### Records supplied
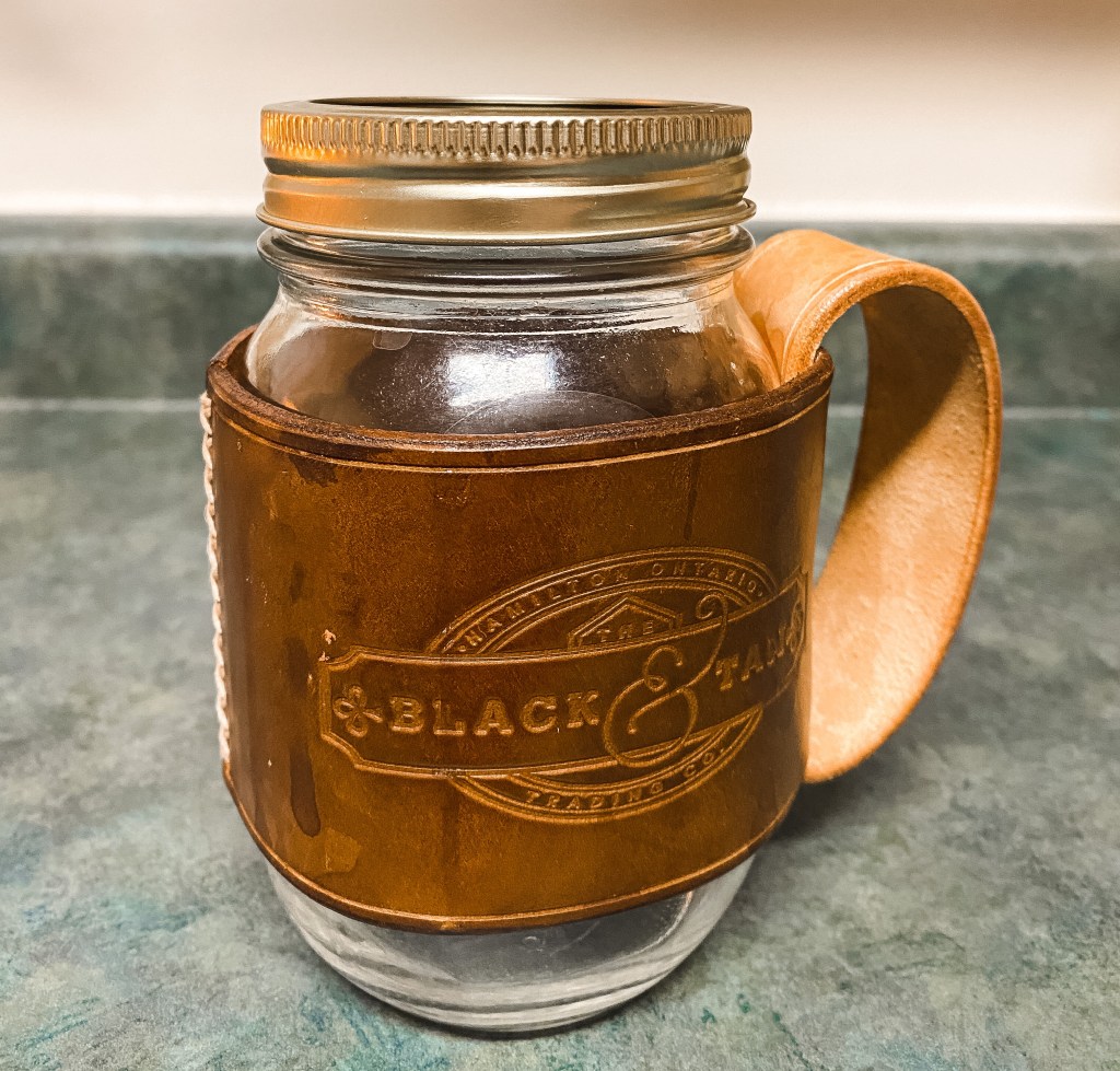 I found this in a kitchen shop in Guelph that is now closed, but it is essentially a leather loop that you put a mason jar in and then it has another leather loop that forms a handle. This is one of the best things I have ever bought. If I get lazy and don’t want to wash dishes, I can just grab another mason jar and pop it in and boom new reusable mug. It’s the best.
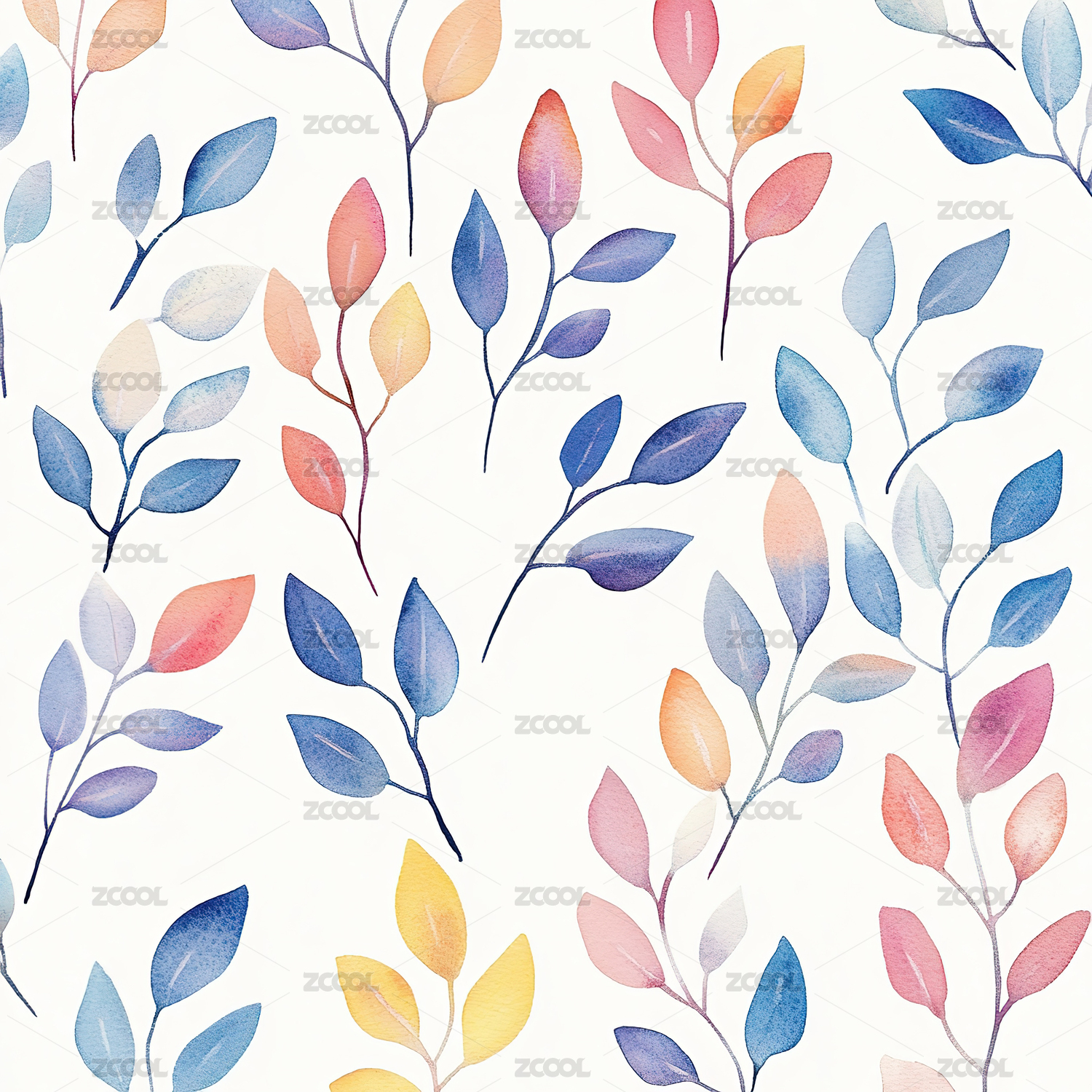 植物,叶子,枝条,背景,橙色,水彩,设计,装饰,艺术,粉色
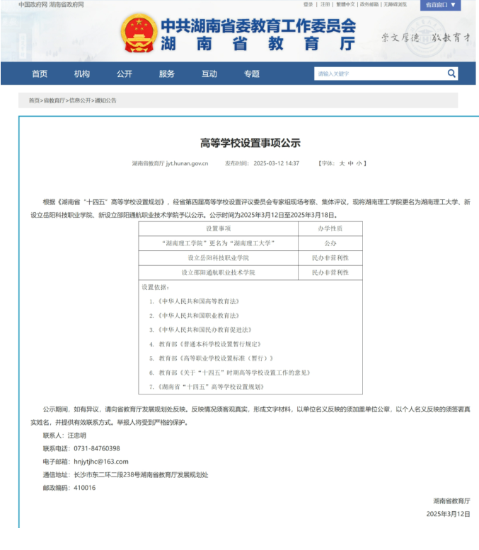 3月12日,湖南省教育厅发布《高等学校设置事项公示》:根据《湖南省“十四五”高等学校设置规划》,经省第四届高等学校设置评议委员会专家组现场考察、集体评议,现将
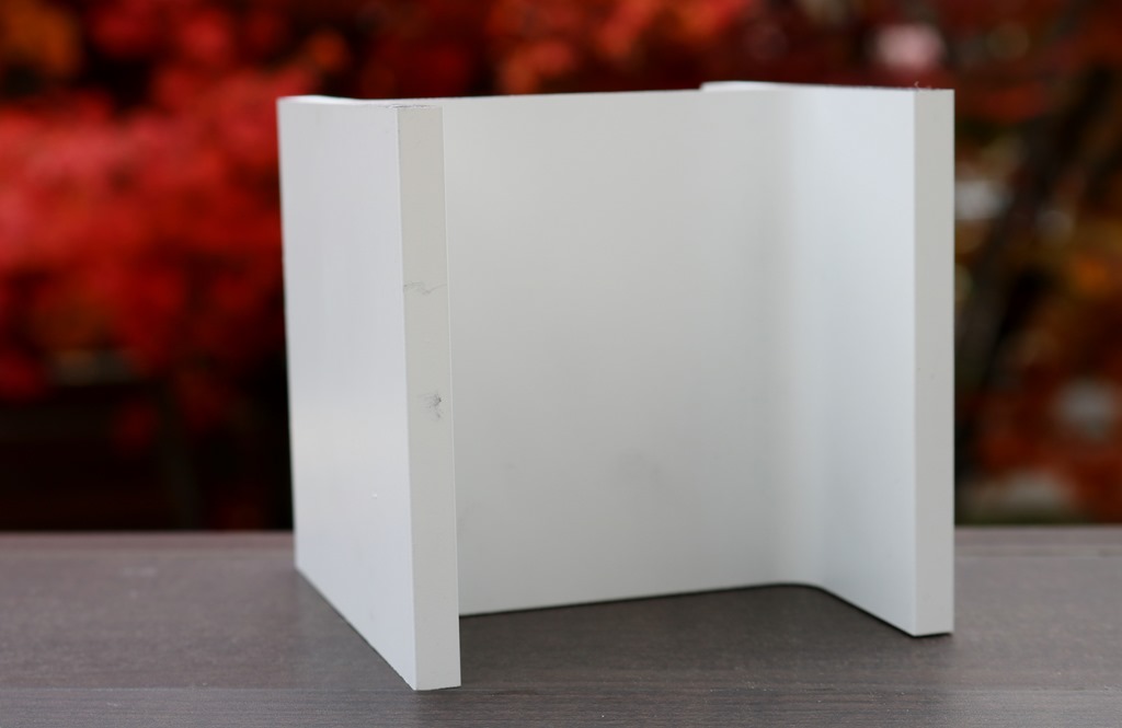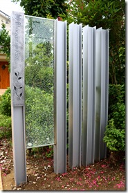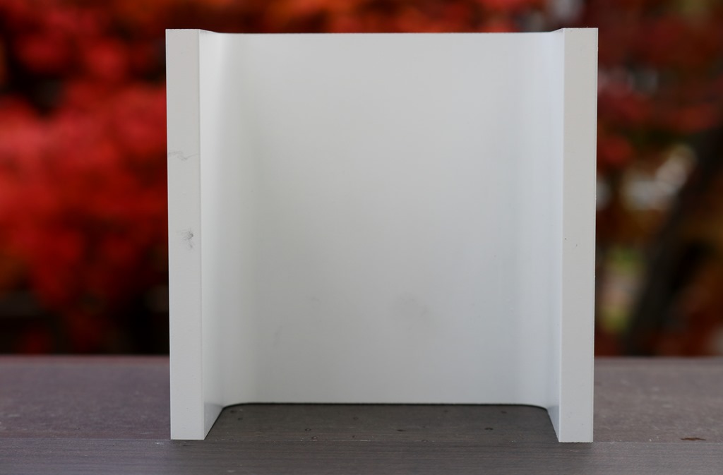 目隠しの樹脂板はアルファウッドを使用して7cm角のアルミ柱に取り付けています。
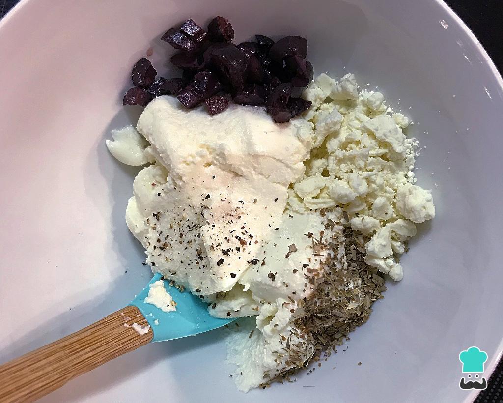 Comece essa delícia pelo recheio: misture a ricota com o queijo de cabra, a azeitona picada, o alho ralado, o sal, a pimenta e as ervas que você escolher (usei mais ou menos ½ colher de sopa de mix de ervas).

### Work request
Could you output all the entries above exactly as written, leaving out the pictures?

### Result of the task
 I found this in a kitchen shop in Guelph that is now closed, but it is essentially a leather loop that you put a mason jar in and then it has another leather loop that forms a handle. This is one of the best things I have ever bought. If I get lazy and don’t want to wash dishes, I can just grab another mason jar and pop it in and boom new reusable mug. It’s the best.
 植物,叶子,枝条,背景,橙色,水彩,设计,装饰,艺术,粉色
 3月12日,湖南省教育厅发布《高等学校设置事项公示》:根据《湖南省“十四五”高等学校设置规划》,经省第四届高等学校设置评议委员会专家组现场考察、集体评议,现将
 目隠しの樹脂板はアルファウッドを使用して7cm角のアルミ柱に取り付けています。
 Comece essa delícia pelo recheio: misture a ricota com o queijo de cabra, a azeitona picada, o alho ralado, o sal, a pimenta e as ervas que você escolher (usei mais ou menos ½ colher de sopa de mix de ervas).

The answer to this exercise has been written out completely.